Maggie Mahar is an award winning journalist and author. A frequent contributor to THCB, her work has appeared in the New York Times, Barron’s and Institutional Investor. She is the author of  “Money-Driven Medicine: The Real Reason Why Healthcare Costs So Much,” an examination of the economic forces driving the health care system. A fellow at the Century Foundation, Maggie is also the author the increasingly influential HealthBeat blog, one of our favorite health care reads, where this piece first appeared.

16 replies »

  1. Karl – Believe it or not, there was a time when medicine was not money-driven. Doctors had sliding scales for patients: they charged the rich more and the poor paid in tomatoes. Plus, medicine is unique among professions. People die when the health care system makes a mistake. Do we want such a system to be driven by profits or to give priority to the well being of its “customers”? Once health care became corporate, its goal was to maximize health care expenses. Unfortunately this makes health care – which is a necessity for life, not a discretionary purchase – unaffordable. Try the book. It’s excellent.

  2. I found a website — http://www.moneydrivenmedicine.net/ — although it’s just a place-holder at the moment. And there are four great excerpts on YouTube:
    http://www.youtube.com/watch?v=Q_Tb5MkOE_Q
    http://www.youtube.com/watch?v=DE1TJyFeuuw&feature=related
    http://www.youtube.com/watch?v=EJm5eMF7A18&feature=related
    http://www.youtube.com/watch?v=oPHYb4g4oT8&feature=related
    I hope this will be available on Netflix. I look forward to recommending it.

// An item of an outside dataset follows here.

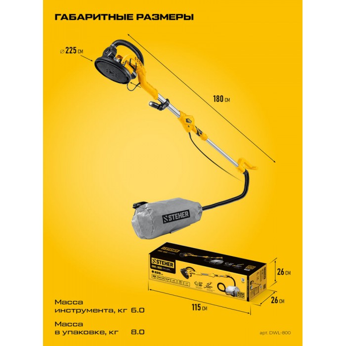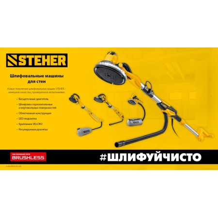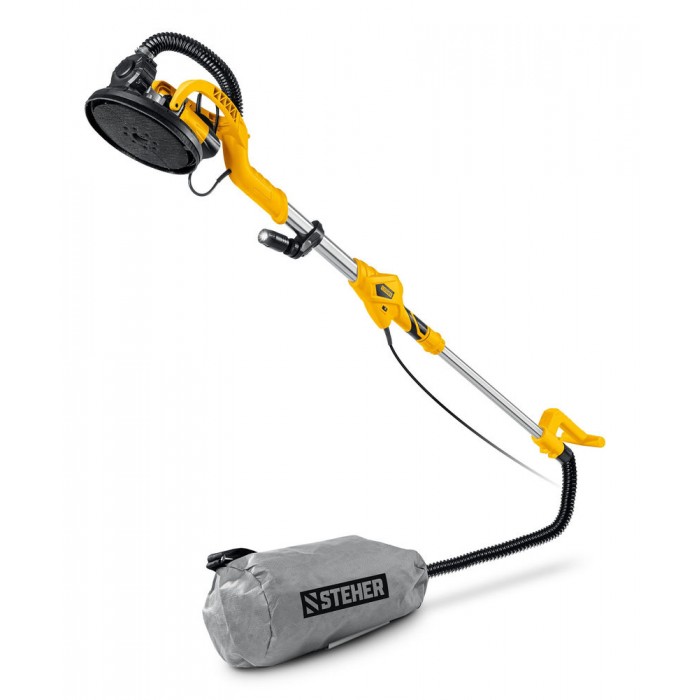 Машина шлифовальная для стен (жираф) - незаменимый инструмент для обработки как горизонтальных, так и вертикальных поверхностей. Раздвижная рукоятка позволяет отрегулировать инструмент под свой рост и дотянуться во все точки без лестницы. Минимальное количество пыли при работе за счет возможности подключения пылесоса или принудительного отвода пыли в мешок

  3. As a friend of Maggie’s, I suppose that disqualifies me as an objective viewer, but I have seen the film and it is terrific.
    My residents watched it, and they found the presentation of the data and concepts highly accessible. They learned a hell of a lot, more than they get from the docs in the trenches, and have a better understanding of the Dartmouth Atlas and overutilization as a result. Maggie’s choice of experts is also as good as it gets–Berwick his usual enlightening self.
    This is a must few for policy wonks and folks who want to learn more; great primer for med students and PGYs alike. This is the “course” critics of med training say we need…but what the schools never deliver.
    Outstanding job all around, and readers of this blog will love it.
    Brad

  4. Dang, I hate to miss this and the opportunity to meet folks, but I’ll be out of town. Any plans for a second New York screening?

  5. Thank you all for your comments.
    The film doesn’t yet have a website. The producer is on the verge of signing a deal with a distributor and then the distributor will set up a website and will be selling DVDs
    I’ll let everyone know more about how and where you can get DVDS- and where there will be screenings–on this thread.

  6. If you are interested, I would recommend that you read the book, available new and used at amazon and elsewhere.

  7. Does this project have a web site? Can you please provide some information about how will it be distributed for readers who don’t live in NYC but want to see it?